Via de' Tornabuoni, or Via Tornabuoni, is a street at the center of Florence, Italy, that goes from Antinori square to ponte Santa Trinita, across Santa Trinita square, distinguished by the presence of fashion boutiques.

The street houses high fashion boutiques, belonging to designer brands such as Gucci, Salvatore Ferragamo, Enrico Coveri, Roberto Cavalli, Emilio Pucci and others; also boutiques of jewelry are here such as Damiani, Bulgari and Buccellati.

History

The road was once crossed by the city's Roman walls; in the early Middle Ages, it ran along the Mugnone river. Near the current Palazzo Strozzi   was the Brancazio Gate. With the 12th century enlargement of the walls, the stream was diverted and the road widened.
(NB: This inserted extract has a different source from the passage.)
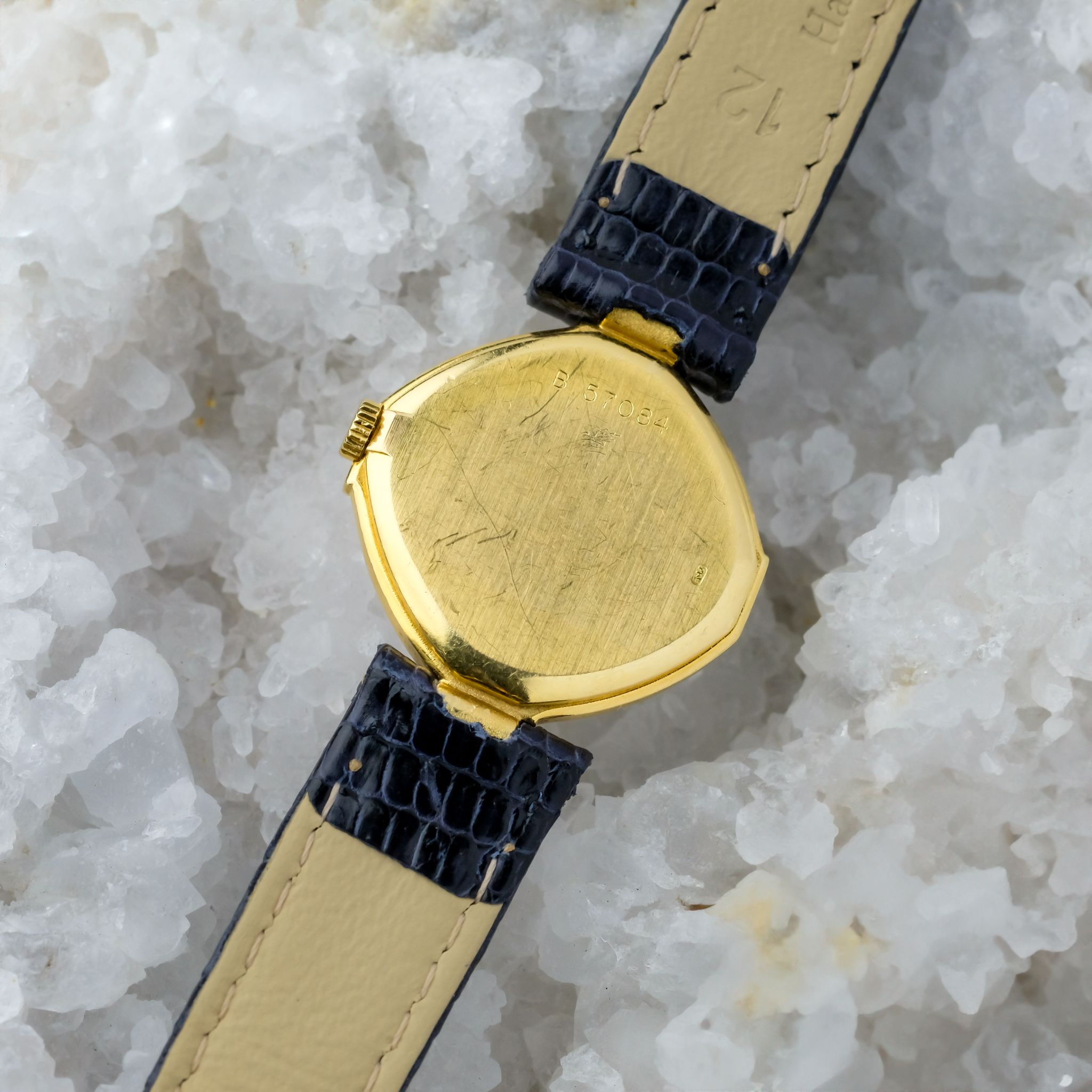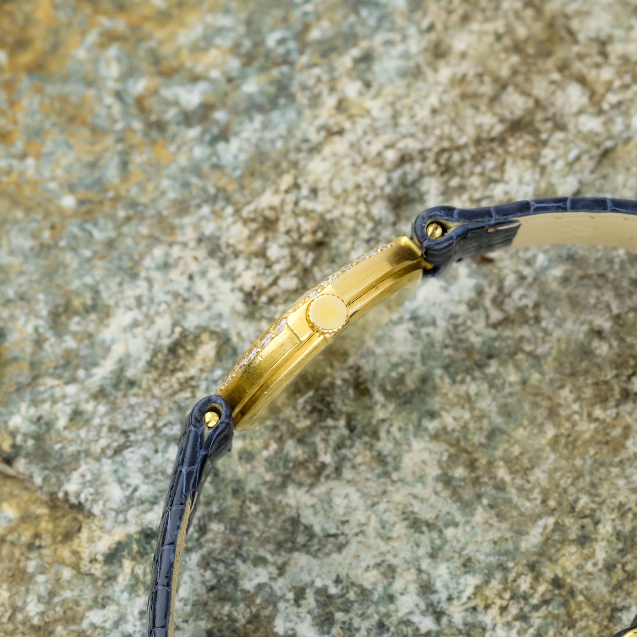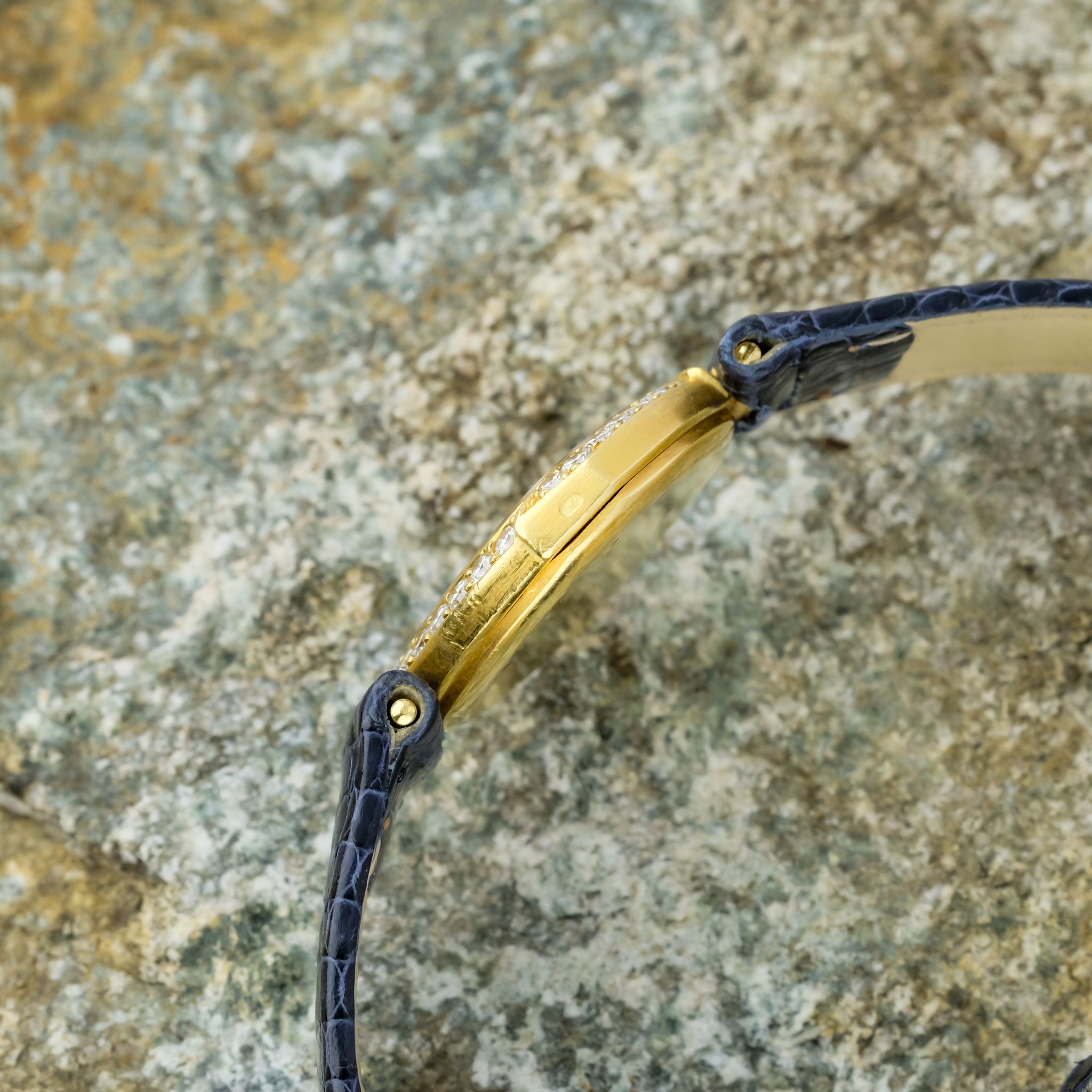 This exquisite ladies Audemars Piguet watch is a refined expression of haute horlogerie in miniature form. With its unusually shaped case, gracefully sculpted beyond traditional round or square lines, it showcases the brand’s creative approach. Crafted in 18k yellow gold and framed by a factory-set diamond bezel, the watch sparkles with subtle sophistication. Each diamond is meticulously set to enhance the flowing geometry of the case, adding brilliance without excess.

At the time, it had different names, including  Via Larga dei Legnaiuoli and Via dei Belli Sporti.

After the creation of the Grand Duchy of Tuscany in the 16th century, via de' Tornabuoni was the seat of the processions from Palazzo Pitti  to via Maggio and Ponte Santa Trinita, as well as pallone col bracciale matches, Calcio Fiorentino games and horse races. In 1565 it received a porphyry column which still characterizes it.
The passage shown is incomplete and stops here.